British nature writer

Nicola Chester is a British nature writer. She is a regular columnist in The Guardian and in the RSPB's magazine, and has written a memoir On Gallows Down.

==Life and education==
Chester is from a working-class family: her father was a firefighter and her mother an assistant in local government. She applied to an agricultural college to study game and wildlife conservation management, but was told that the course was for gamekeepers and all gamekeepers were men. She spent a year working on a horse ranch in Canada, and then returned to England and studied English literature at King Alfred's College, now the University of Winchester, supporting herself with part-time jobs. She is a former school librarian. She and her family are tenants in an estate worker's cottage in the North Wessex Downs.

==Writing career==

Chester won the BBC Wildlife Magazines award for nature writing in 2003, and was then offered a column in the RSPB's magazine Nature's Home. She has been one of the writers of The Guardians "Country Diary" since 2019. She also writes for BBC Countryfile Magazine.

Her Otters (2014, Bloomsbury: ISBN 978-1472903860) was the first book in the RSPB's Spotlight series.
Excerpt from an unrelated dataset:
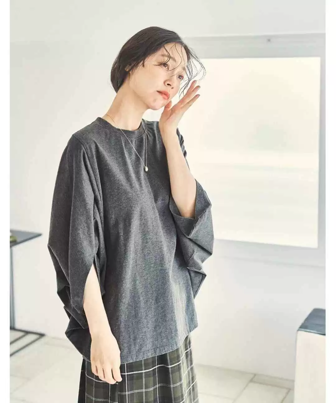 素雅的灰色上衣低调又耐看,蝙蝠袖的设计为基本款增添了新意,搭配格纹半裙,充满了大地的温暖感,秋冬氛围瞬间拉满。

Her memoir On Gallows Down: Place, Protest and Belonging (2021, Chelsea Green: ISBN 978-1645021162) won the 2021 Richard Jefferies Award, was shortlisted for the 2022 Wainwright Prize for Nature Writing, and was included in BBC Countryfile Magazine's "best nature and countryside books of 2021". It takes its name from Gallows Down, on which Combe Gibbet stands, above her home village of Inkpen in West Berkshire. A reviewer in The Sociological Review describes it as "an autobiographical account of how a white working-class woman has, at times, struggled to maintain a sense of belonging and acceptance in rural England" and says that as well as being part of the genre of "new nature writing" it is also "about gender and social class in the English countryside".

In 2024 she was appointed as one of the judges of the inaugural Climate Fiction Prize.

Ghosts of the Farm: Two Women’s Journeys Through Time, Land and Community, by Chester, was published by Chelsea Green in September 2025. The book was shortlisted for the Richard Jefferies Award for Nature Writing, 2026, and was a Spectator Book of the Year.